START RECORDS TO USE
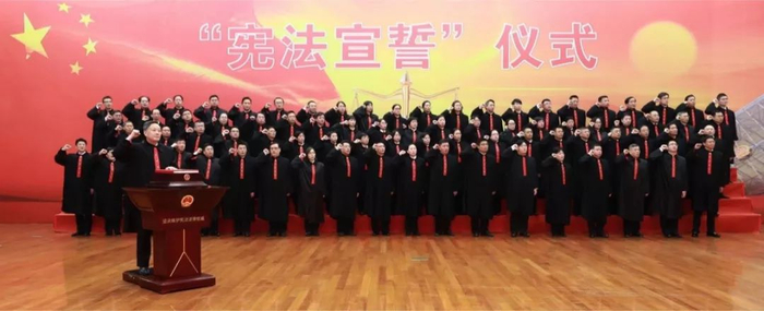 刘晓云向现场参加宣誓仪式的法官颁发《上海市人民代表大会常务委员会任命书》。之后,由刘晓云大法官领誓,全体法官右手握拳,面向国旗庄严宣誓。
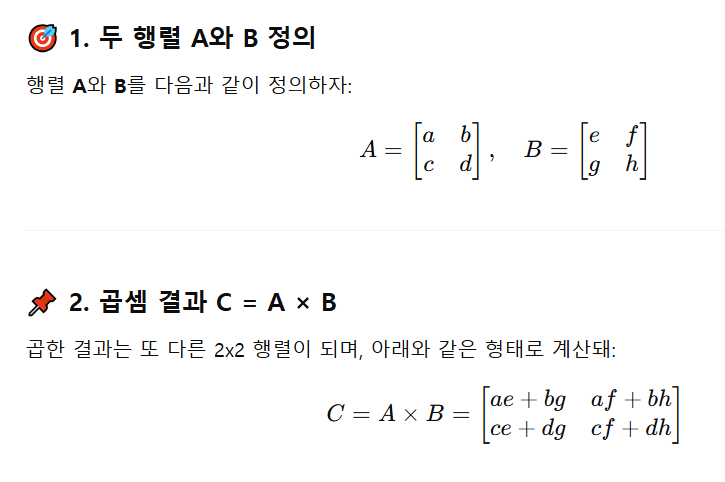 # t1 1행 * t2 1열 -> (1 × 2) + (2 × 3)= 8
END RECORDS TO USE
START RECORDS TO USE
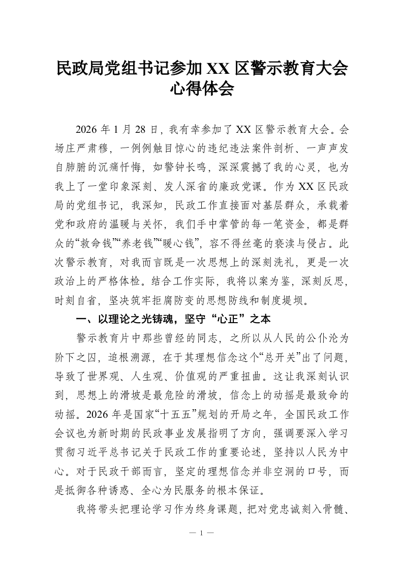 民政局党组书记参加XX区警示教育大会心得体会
END RECORDS TO USE
START RECORDS TO USE
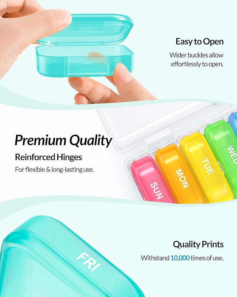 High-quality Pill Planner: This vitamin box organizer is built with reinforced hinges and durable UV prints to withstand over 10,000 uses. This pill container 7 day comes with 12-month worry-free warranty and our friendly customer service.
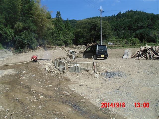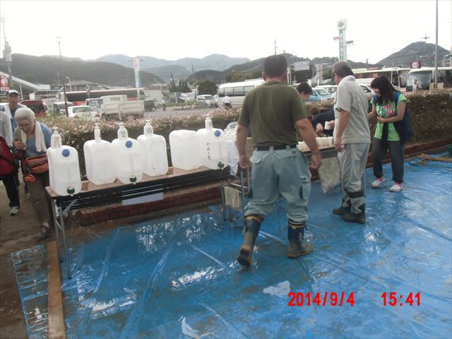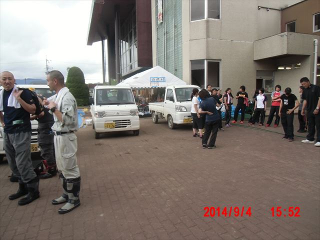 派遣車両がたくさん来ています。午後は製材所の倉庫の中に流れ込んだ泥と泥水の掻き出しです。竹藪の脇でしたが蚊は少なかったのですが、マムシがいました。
END RECORDS TO USE
Look above for the line with "High-quality Pill Planner: This" and the line with "派遣車両がたくさん来ています". Copy them and every line between, exactly, but no pictures.

*SOLUTION TO THE EXERCISE*
 High-quality Pill Planner: This vitamin box organizer is built with reinforced hinges and durable UV prints to withstand over 10,000 uses. This pill container 7 day comes with 12-month worry-free warranty and our friendly customer service.
 派遣車両がたくさん来ています。午後は製材所の倉庫の中に流れ込んだ泥と泥水の掻き出しです。竹藪の脇でしたが蚊は少なかったのですが、マムシがいました。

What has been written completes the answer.